John Keane is Professor of Politics at the University of Westminster and the Wissenschaftszentrum Berlin (WZB).
John Dunn responds:
ONLY THE terminally paranoid would take an eight-hundred-page book which at no point mentions them and covers much of world history as personally targeted at them, so John Keane is quite mistaken to suppose that I am responding in my review to any implicit criticisms he meant to offer of my own work, character or political taste. (Always safer to criticize explicitly.)
I draw careful attention to his own determined expansion of democracy's spatial and temporal odyssey and the reasons why he views this as important. The key structural disparity between our books (beyond his being over three times as long) is that mine was attempting to answer a single, relatively restricted question which may have a clear answer: how and why has the word democracy become such a prize in contemporary political conflict? I defy anyone to extract a clearer answer to that question from his own book.

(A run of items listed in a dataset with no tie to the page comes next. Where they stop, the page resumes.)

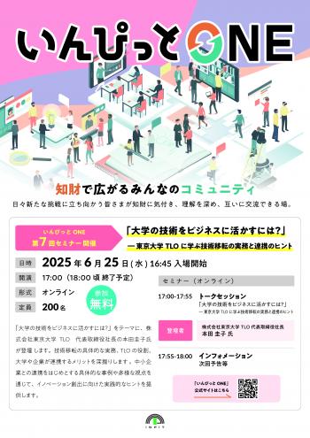 「いんぴっとONE」は、中小企業、大学、支援機関等の関係者が、知財に気付き、理解を深め、相互に交流できる場を提供いたします。
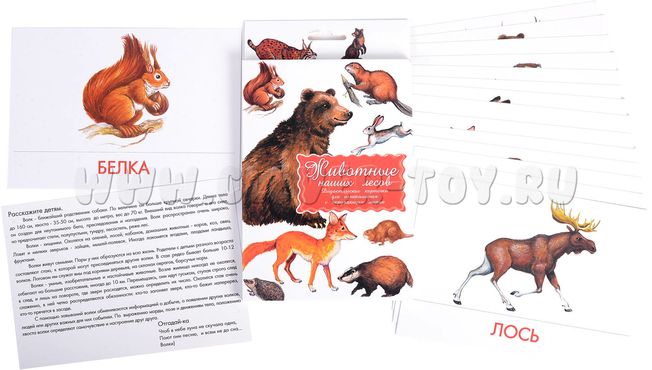Игра поможет познакомиться с животными, живущими в лесах наших широт, а также с интересными фактами про них. Развивающие карточки могут использоваться не только в домашних условиях, но и в дошкольных и школьных учреждениях. Как индивидуально, так и в группе. Игра научит классифицировать, сравнивать и обобщать, а также поможет развить речь. Пособие доставит вашему малышу и вам немало приятных минут проведенных вместе за полезным занятием!
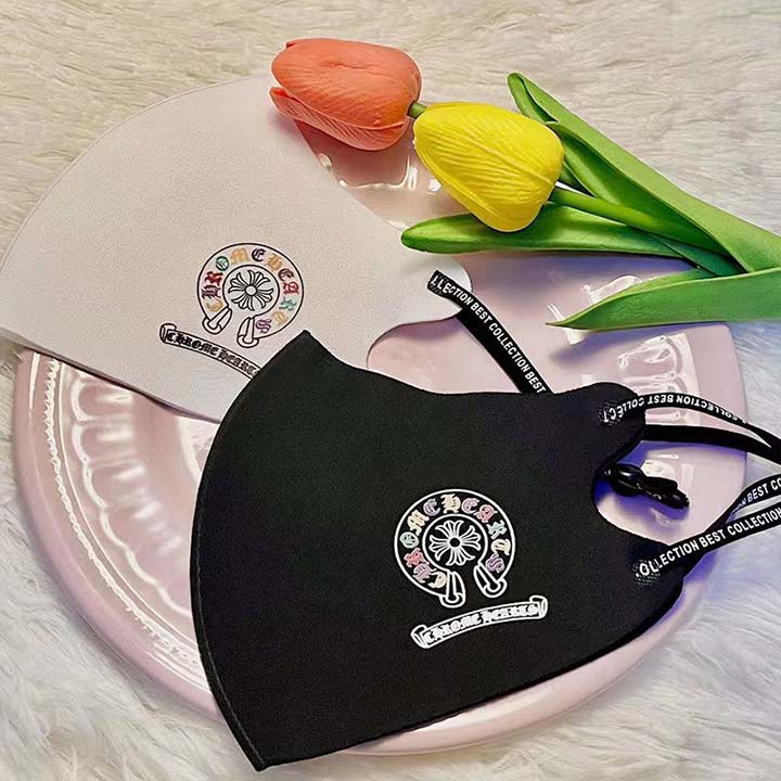 ChromeHearts ロゴ付き マスク 極細繊維 UVカット 芸能人愛用 流行り 綺麗 調節可能 シンプル風 通気性良い ブランド 白黒 四季通用
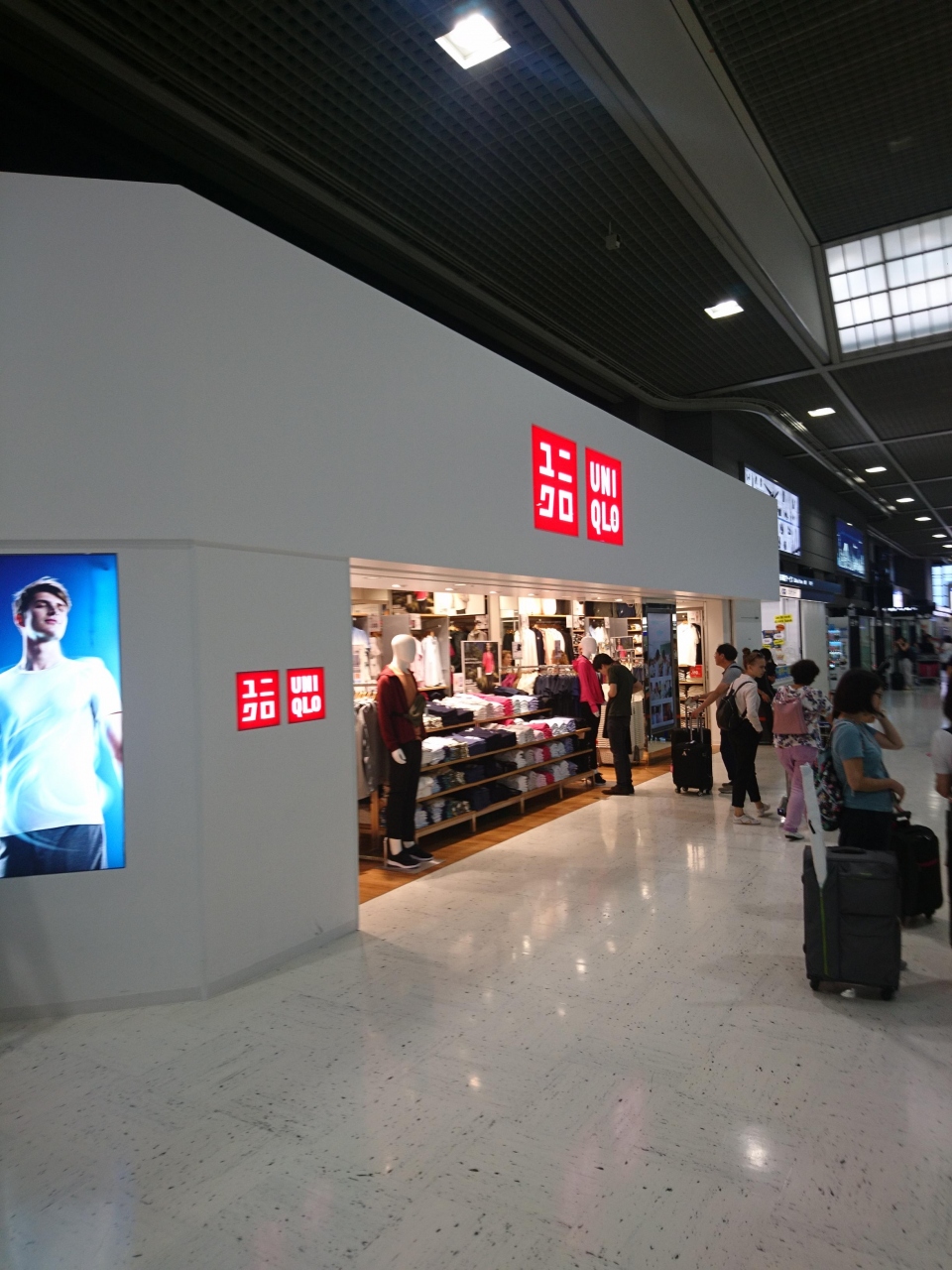 成田空港第二ターミナルビルの国際線出発階にあるユニクロの店。国内の大きな空港内に最近必ずあるのがこのユニクロ。特に出発前に行先の国やエリアの気候に合わせて、追加の衣類を出発直前に買えて便利だ。お店も大きくないのでかえって選びやすい。
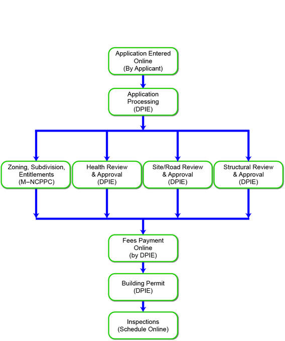 For permit, license and bond fees, view the DPIE Fee Schedule. There is a Minimum Fee. All permitting fees are assessed a Technology Fee. Fees are subject to change based on County codes. Customers are encouraged to pay online.
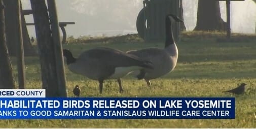 ABC30. Rehabilitated birds released on Lake Yosemite in Merced County.
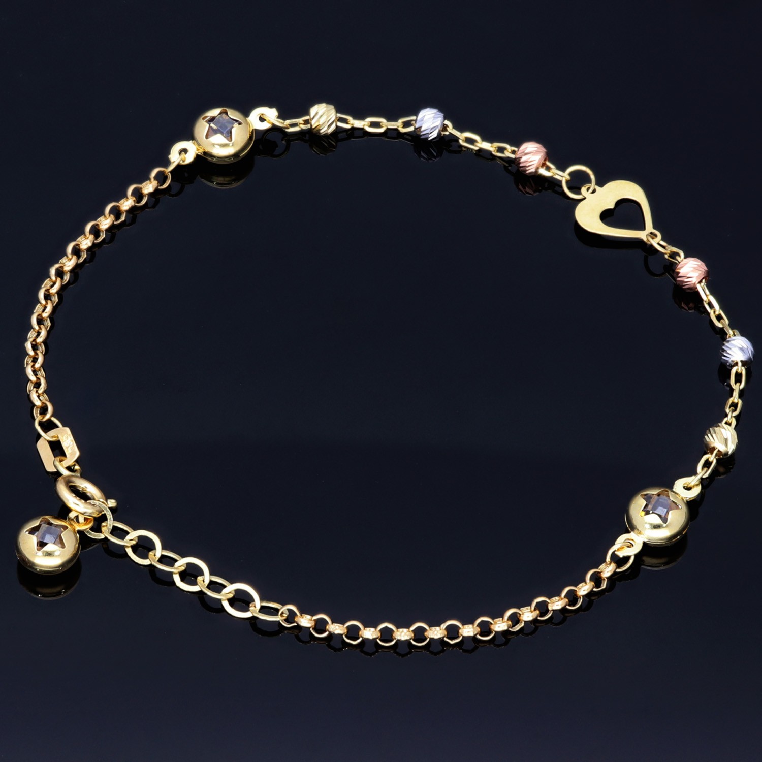 Ein elegantes Armband, das mit seiner feinen Verarbeitung und seinem charmanten Design sofort ins Auge fällt. Gefertigt aus hochwertigem 585er (14 Karat) Gold, kombiniert es elegant drei Goldtöne – Gelbgold, Weißgold und Roségold – zu einem harmonischen Gesamtbild.
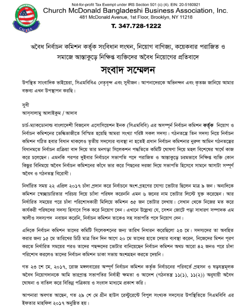 CMBBA and was speaking at the press conference and was held after Zohar prayer where the Bangladeshi Businessmen gathered. Program hosted by the prominent Businessman and Community activist Mohammad Mahab, whom had delivered a speech on behalf of this press conference. They chanted slogan of the few members who had created a committee which was unconstitutionally created. They demand a fair new Election as soon as possible. Lustful Karim who is residing in this locality for more the 35 years and reputed businessman urges everyone to cooperate with each other. CMBBA Treasurer renowned Mohammed Anwar Hossain gave a speech on behalf this occasion. Abu Ahmed the owner of Ador printing and AH Khonodokar Juglu also gave a special speech and demanded early election as soon as possible. Many electronic printing media participated at this press conference.
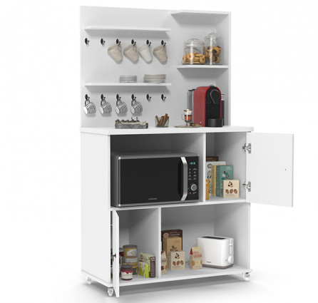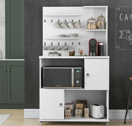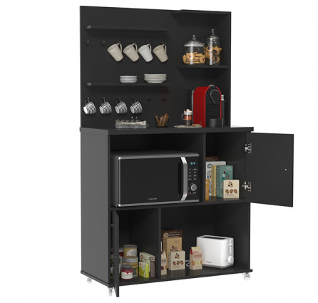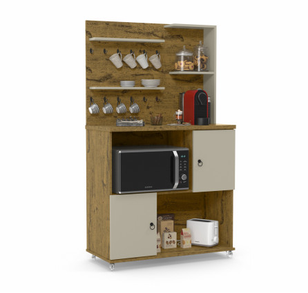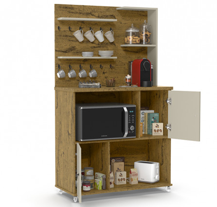 Com tampo de 25mm, nicho para micro-ondas e prateleiras com puxadores de metal.

I also applaud (rather than revile) the central purpose of his tome: seeing democracy's passage through time and space as a single global story. The two matters over which we seriously disagree are the work of Moses Finley, an altogether more demotic and lucid writer and a far more potent thinker than either of us, and the determinacy and promise of monitory democracy as a category. Finley, a victim of Senator McCarthy before he became a professor of ancient history, made no attempt to instruct anyone in how to view democracy's passage across the world. He merely asserted the democratic credentials of Athenian democracy within the ranks of citizens over the oligarchic interpretation of American politics then commended by America's leading political scientists. Like Keane (unadventurously enough), I regard the spread of electorally accountable governments across the world as a clear civilizational advance; but like him too, I see them as a pretty blunt and feeble instrument for rendering power effectively accountable. Where we differ is in our assessment of how coherently and democratically the range of practices he christens "monitory" contrives to supplement electoral democracy. The point is not to applaud or sneer at these practices but to think harder about how it might be possible to change the world for the better.
John Dunn is a fellow of King's College and an emeritus professor in the department of Politics & International Studies at the University of Cambridge.